Die Bewohner der Pflegeeinrichtung »Tönebön am See« bei Hameln leben in ihrer eigenen Welt. Sieht so ein würdevoller Umgang mit dementen Menschen aus?

Der erste Lapsus unterläuft mir gleich an der Türschwelle. »Ach, da ist ja der junge Mann!«, schallt es mir entgegen, als ich das Foyer der Einrichtung betrete. Eine Frau, die ich auf Anfang 60 schätze, begrüßt mich mit freundlichprofessionellem Tonfall, als habe sie mich schon erwartet. Ich stelle mich bei der vermeintlichen Mitarbeiterin vor, verweise auf meinen Besichtigungstermin. Nach einigen Sätzen winkt sie plötzlich ab. »Ja, ja, was die jungen Leute eben alles so machen«, murmelt sie und schiebt sich in Richtung Ausgang an mir vorbei. In diesem Moment schreitet eine echte Mitarbeiterin ein: »Aber Frau Herweg*, Sie wissen doch, dass das nicht geht!«, ruft sie und schlägt ihr vor, sie möge ihren Spaziergang im Innenhof der Einrichtung fortsetzen. Nach einigem Hin und Her zuckt diese mit den Schultern, kehrt auf dem Absatz um und schreitet davon.

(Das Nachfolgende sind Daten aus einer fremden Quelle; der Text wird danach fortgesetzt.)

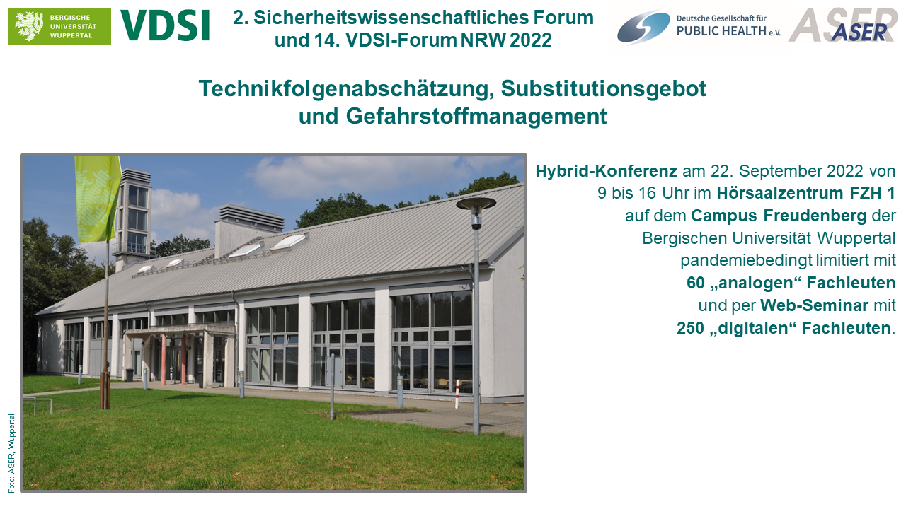 Hierfür luden die Bergische Universität Wuppertal und die fünf nordrhein-westfälischen VDSI-Regionalgruppen Bergisches Land, Düsseldorf, Köln, Ruhr-Niederrhein und Westfalen gemeinsam mit der Deutschen Gesellschaft für Public Health e.V. (DGPH) und dem Institut für Arbeitsmedizin, Sicherheitstechnik und Ergonomie e.V. (ASER) ein, das seit Herbst 2015 zum achten Mal in Folge in der Bergischen Universität Wuppertal veranstaltet worden ist.
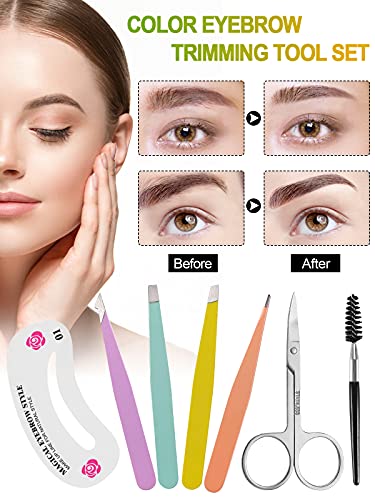 30Pcs Set Di Pinzette per Forbici per Sopracciglia, Kalolary Pinzette per Sopracciglia In Acciaio Inossidabile Kit di Stencil per Sopracciglia Pennello, Pinzette di Grande Precisione per Sopracciglia
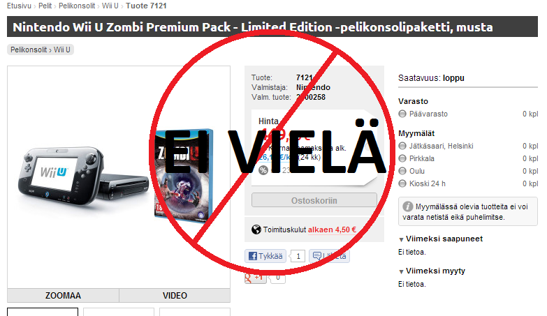 Minulla nimittäin on myös ZombiU paketti varauksessa, jossa pitäisi Premium koneen lisäksi tulla ZombiU peli ja Pro Controller. Hintaa 20 € enemmän, joten kyllähän olen sen valmis sijoittamaan peliin ja lisäohjaimeen. Ikäväkseni sain kuitenkin postia tilausta koskien ja Nintendo ei ole toimittanut Verkkokauppa.com:n – josta kone tilattuna – ainuttakaan kappaletta kyseistä pakettia. Minnehän lie Suomen erä matkannut?
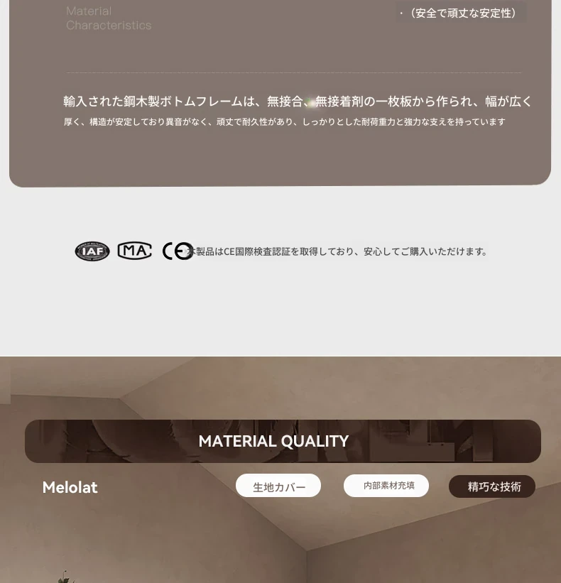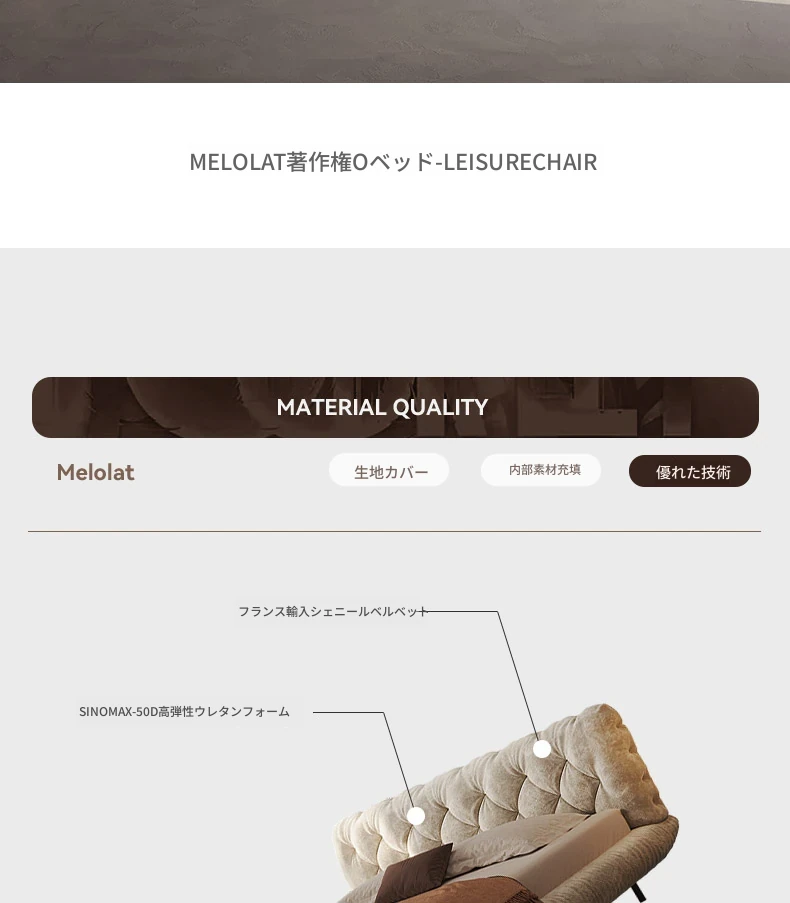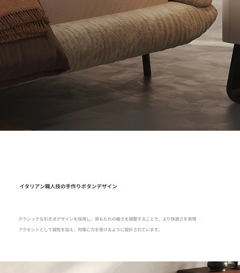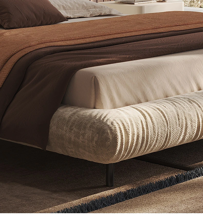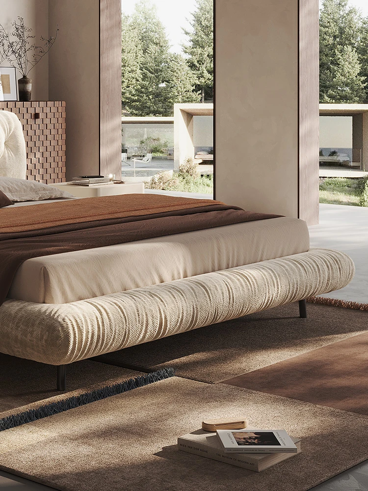 メロラットデザイナー布製ベッド|イタリアンミニマリストクリームスタイルの主寝室用ダブルマリッジベッド|現代的なシンプルさを追求した特許取得済みベッド
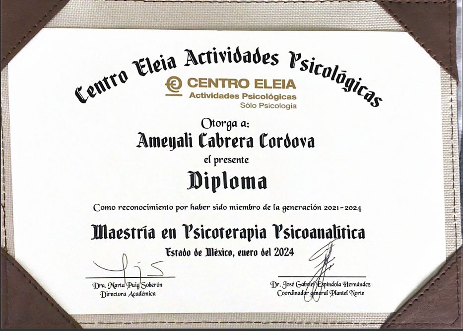 Soy licenciada en Psicología y maestra en Psicoterapia Psicoanalítica por el Centro ELEIA. Me especializo en psicoterapia breve focalizada con enfoque psicoanalítico y perspectiva de género. Con más de cuatro años de experiencia clínica, académica e institucional, acompaño a adolescentes y adultos en procesos relacionados con ansiedad, depresión y conflictos emocionales, apoyándome en pruebas proyectivas para una comprensión más profunda.
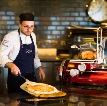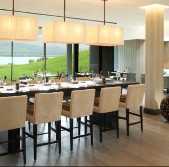 Riva schafft eine entspannte Umgebung mit seiner überdachten Außenterrasse mit Blick auf den See und die Gärten. Dort wird leichte, gesunde Spa-Küche mit italienischen Spezialitäten serviert ebenso wie Erfrischungen.
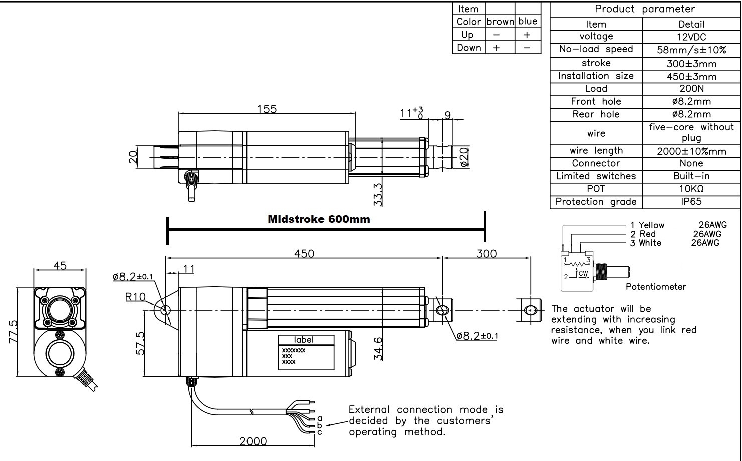 300mm stroke, 50 mm/s, 200N force
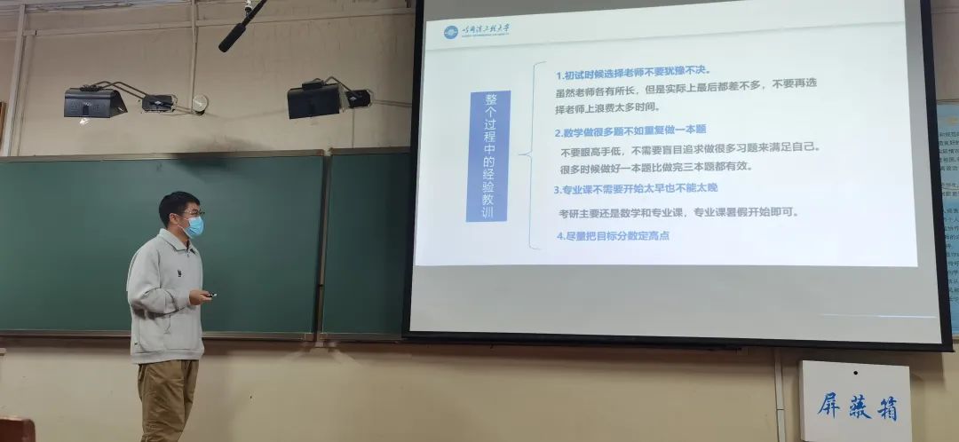 2018级考研优秀学生代表结合自身考研经历,对学校和专业的选择、复习进度安排、课程复习方法、复试技巧等方面给出了诚恳建议。
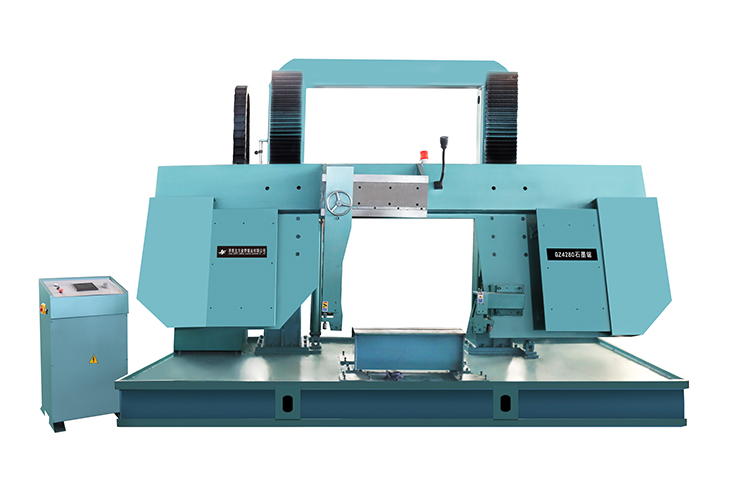 石墨帶鋸床均為定制產品,金鋒鋸業是山東大型石墨帶鋸床研發生產基地,石墨帶鋸床支持半自動、全自動運行,今天我們介紹的石墨帶鋸床GZ4280屬于為客戶量身定制產品,鋸床具有龍門柱設計穩定、直線到軌導向、全自動智能切割、切割精準、生產效率高等主要優勢,是批量下料的理想設備。
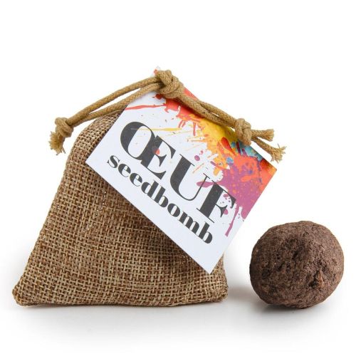 Inspirée des mouvements de guérillas urbaines, cette bombe à graines, façonnée sous forme d’œuf, est composée d’un mélange de terre et de graines mellifères. Vous pouvez la lancer en compagnie de vos collègues, de votre famille et de vos amis pour contribuer à la végétalisation des espaces verts en ville.

Die Einrichtung, die ich gerade betreten habe, ist Deutschlands erstes Demenzdorf, genannt »Tönebön am See«. Das Pflegeheim liegt in der Nähe eines Naturschutzgebiets am Stadtrand des niedersächsischen Hameln. Knapp 80 Bewohnerinnen und Bewohner leben hier in sechs Hausgemeinschaften mit klangvollen Namen wie »Villa Ziegelhof« oder »Villa Wiesengrund«. Es gibt einen Minimarkt, einen Frisörsalon, ein Café, einen großen Garten mit Papageienkäfig im Innenhof. Nur: Das kleine Wunderland ist von einem Zaun umgeben. Direkt vor den Toren endet die heimelige Atmosphäre. Neben der Einrichtung verläuft die stark befahrene Landstraße, und die zwei Kilometer zum Bahnhof führen an einem Zeltplatz, einer Gummifabrik und einem Baustofflager vorbei. Die Bewohner sind hier abgeschieden vom Stadtleben – Inklusion sieht anders aus. Aber offenbar ist das auch nicht das vorrangige Ziel der Einrichtung. Ein »Lebensraum für Menschen mit Demenz« soll es sein, in dem die Betroffenen möglichst ungestört in ihrer eigenen Welt verweilen können. Kann das gelingen? Und: Ist es überhaupt eine gute Idee?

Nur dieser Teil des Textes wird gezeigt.